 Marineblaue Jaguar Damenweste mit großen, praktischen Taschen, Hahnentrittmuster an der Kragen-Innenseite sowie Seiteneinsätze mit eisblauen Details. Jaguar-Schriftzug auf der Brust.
...
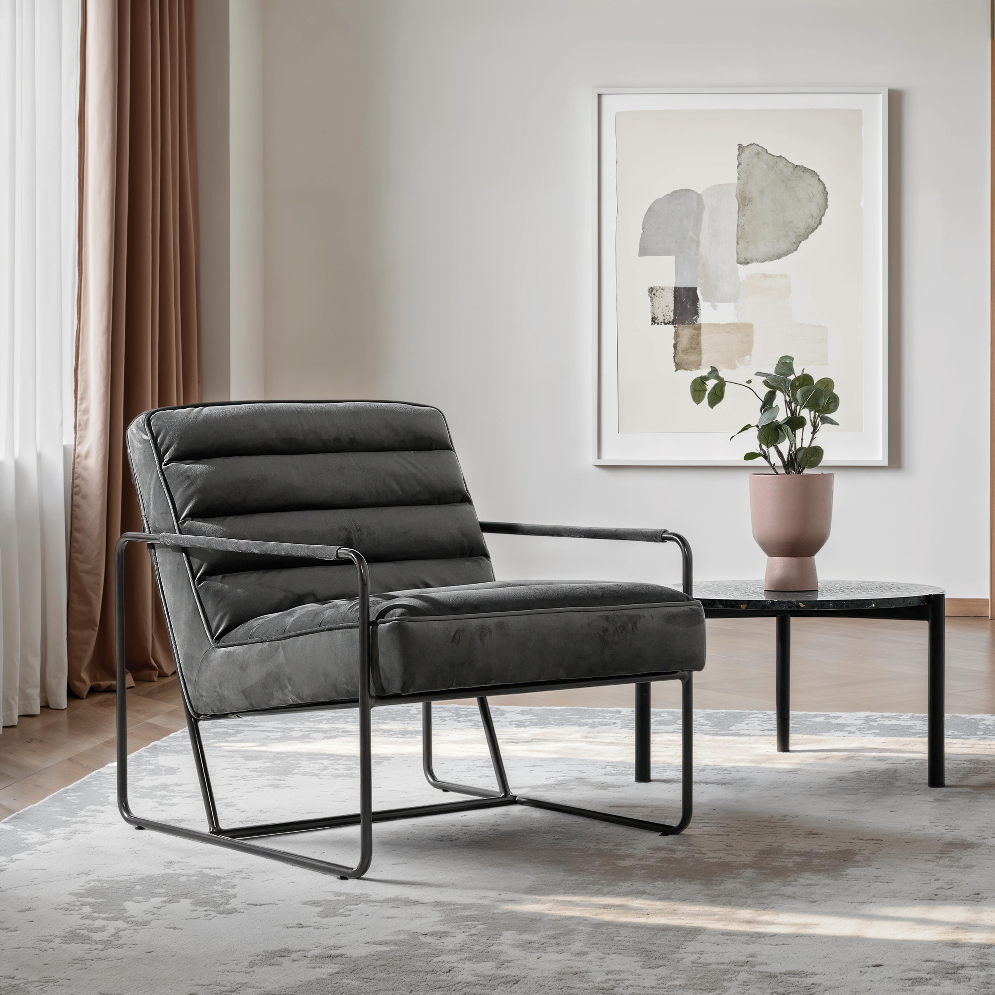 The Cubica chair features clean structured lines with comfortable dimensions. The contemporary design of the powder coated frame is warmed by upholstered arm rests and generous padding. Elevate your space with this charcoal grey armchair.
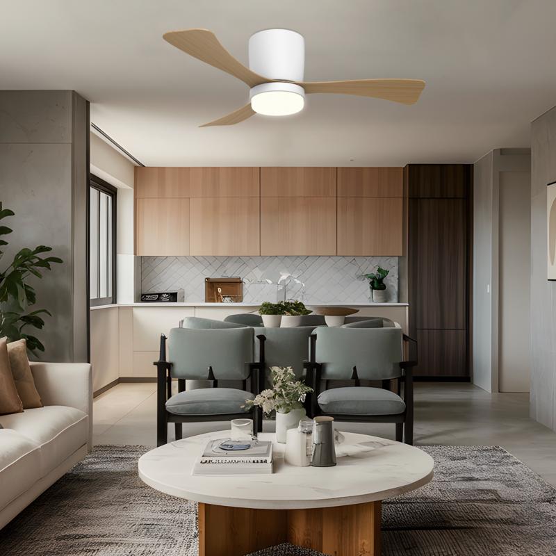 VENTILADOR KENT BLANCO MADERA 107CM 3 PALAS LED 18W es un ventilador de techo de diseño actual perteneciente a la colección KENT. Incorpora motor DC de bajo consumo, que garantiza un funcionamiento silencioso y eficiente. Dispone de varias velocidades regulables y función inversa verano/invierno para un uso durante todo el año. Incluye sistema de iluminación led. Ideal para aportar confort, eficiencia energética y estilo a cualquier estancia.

WHAT THIS TASK INVOLVES: The copy should hold exactly the lines above from the one with "The Cubica chair" through the one with "VENTILADOR KENT BLANCO", both ends counted, and no pictures at all.

EXERCISE RESULT:
 The Cubica chair features clean structured lines with comfortable dimensions. The contemporary design of the powder coated frame is warmed by upholstered arm rests and generous padding. Elevate your space with this charcoal grey armchair.
 VENTILADOR KENT BLANCO MADERA 107CM 3 PALAS LED 18W es un ventilador de techo de diseño actual perteneciente a la colección KENT. Incorpora motor DC de bajo consumo, que garantiza un funcionamiento silencioso y eficiente. Dispone de varias velocidades regulables y función inversa verano/invierno para un uso durante todo el año. Incluye sistema de iluminación led. Ideal para aportar confort, eficiencia energética y estilo a cualquier estancia.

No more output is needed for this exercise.